Born Believers: How Your Brain Creates God
WHILE many institutions collapsed during the Great Depression that began in 1929, one kind did rather well. During
this leanest of times, the strictest, most authoritarian churches saw a surge in attendance.
This anomaly was documented in the early 1970s, but only now is science beginning to tell us why. It turns out that
human beings have a natural inclination for religious belief, especially during hard times. Our brains effortlessly conjure
up an imaginary world of spirits, gods and monsters, and the more insecure we feel, the harder it is to resist the pull of
this supernatural world. It seems that our minds are finely tuned to believe in gods.
The Credit Crunch Could Be A Boon For Irrational Belief
dougsmith Posted: 11 February 2009 10:22 AM
Joined 2006-02-14 I don’t see how humans could be “hard-wired to be religious” in any serious sense of the term “religious”. I imagine what they’re talking about is a hard-wired tendency to find agency where it is not; spirits, ancestors, and yes gods; but there is nothing necessarily religious about this. How could we be hard-wired to be religious if religions basically didn’t exist until five or ten thousand years ago? They are a relatively modern phenomenon, as much sociopolitical as anything.
Perhaps the thought is that our hard-wiring tends to make people receptive to religious ideas in the present environment.
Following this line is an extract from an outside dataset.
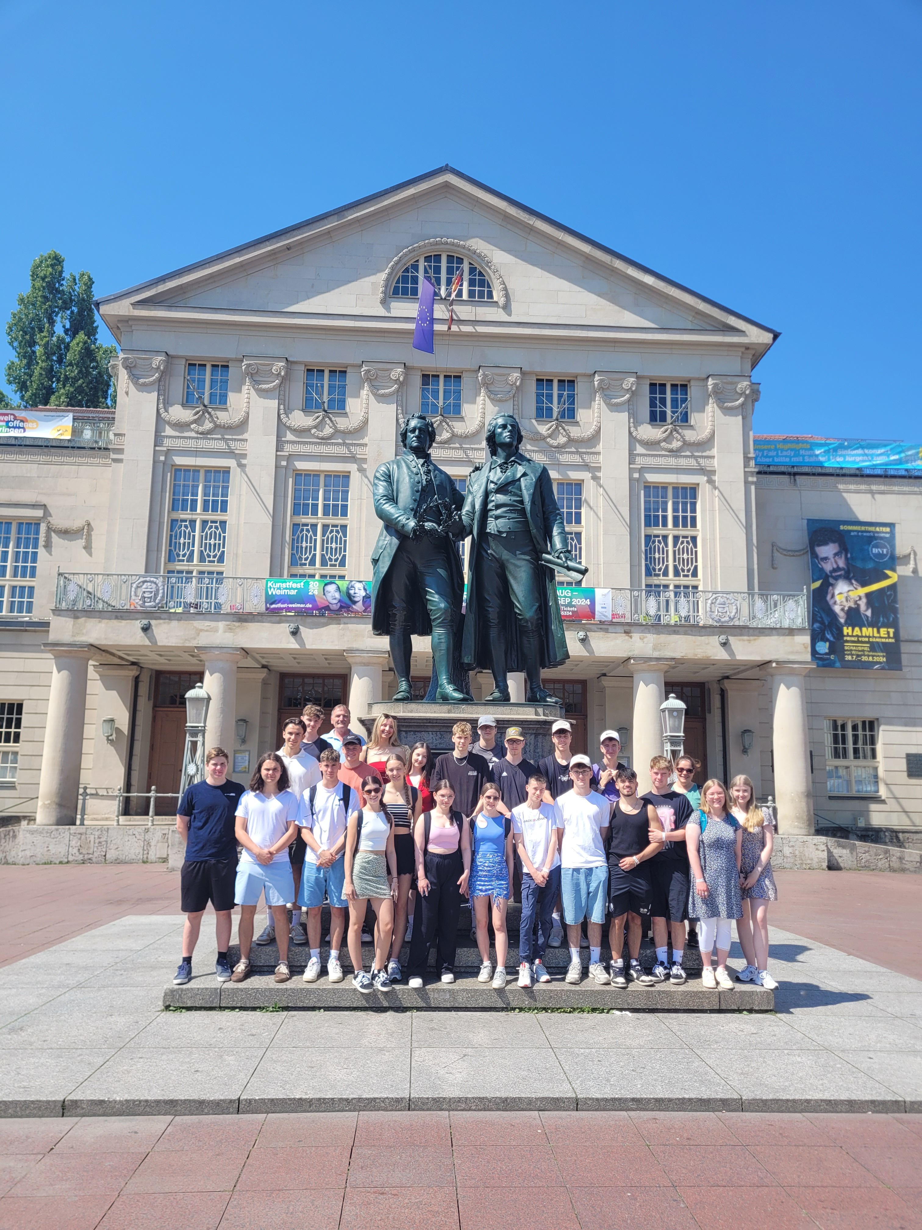 Vom 24.06.2024 bis zum 27.06.2024 war der Geschichtsprojektkurs der Q1 im thüringischen Weimar. Das Ziel war es, mehr über das nahegelegene KZ Buchenwald zu erfahren und unser gelerntes Wissen aus dem letzten Jahr einzusetzen. Gegen 8 Uhr startete die Reise an der Poensgenstraße in Schleiden und circa 7 Stunden später standen wir vor dem a&o Hostel in Weimar. Der erste Abend stand allen zur freien Verfügung und so verteilten sich mehrere Kleingruppen in der Weimarer Innenstadt, welche durchaus einen Besuch wert ist. Am nächsten Tag starteten wir gegen 12 Uhr mit dem Bus in Richtung des Ettersbergs, auf dem die Gedenkstätte des KZ Buchenwald gelegen ist. Wir begannen mit einem einstündigen Rundgang durch die Dauerausstellung und nahmen anschließend an einer dreistündigen Führung über das gesamte Gelände teil, die uns alle bereicherte. Während der Führung besichtigten wir unter anderem den ehemaligen Bahnhof des KZs, den SS-Flügel, den Appelplatz und das Krematorium. Besonders eindrucksvoll war das Eingangstor mit einer Uhr, welche die Uhrzeit 15:15 Uhr anzeigt. Dies war die Uhrzeit, zu der das KZ am 11.04.1945 befreit wurde. Auch der Schriftzug "Jedem das Seine", welcher im Eingangstor des KZs sichtbar ist, ist uns aufgrund seines unglaublichen Zynismus besonders im Gedächtnis geblieben. Darüber hinaus hat uns der Block 46, in dem die Häftlinge für pseudomedizinische Versuche missbraucht wurden, nachhaltig berührt. Nach der Führung hatten wir auch noch die Gelegenheit das Gelände in Eigenregie zu erkunden, bevor es dann wieder nach Weimar ging. Am folgenden Tag stand eine Stadtführung durch Weimar auf der Tagesordnung. Ein besonderes Augenmerk wurde dabei auf die Schriftsteller J.W. von Goethe und F. Schiller, welche wesentlich zur überregionalen Bekanntheit Weimars beigetragen haben, sowie auf die Ausarbeitung der Weimarer Verfassung von 1919 gelegt. Am Donnerstag stand nach dem Frühstück bereits die Heimreise an, so dass wir über kleinere Umwege gegen 16 Uhr Schleiden erreichten. Rückblickend war diese Fahrt für alle Beteiligten trotz der bedrückenden Thematik ein spannendes und freudiges Erlebnis, an das wir uns noch allzu lange erinnern werden.

But that’s sort of a vague claim, and not clearly true either, especially when the same hard-wiring could easily lead someone into non-religious New Agey ideas. A large portion of the present acceptance of religion has to do with temporary factors of culture and family background (one tends to slide into the same religion that one’s parents hold).
Are you two talking about the same thing? It doesn’t appear so. By all appearances, Steve is talking about religious belief, while Doug appears to be referring to the institutions of religions.
Steve, how are you defining “religious”?
Doug, how are you defining it?
If you both post your answer, we’ll know whether you’re talking to or past each other.
How much of this simple exchange is a contest for etymological turf?
Of what use is that? What are its drawbacks?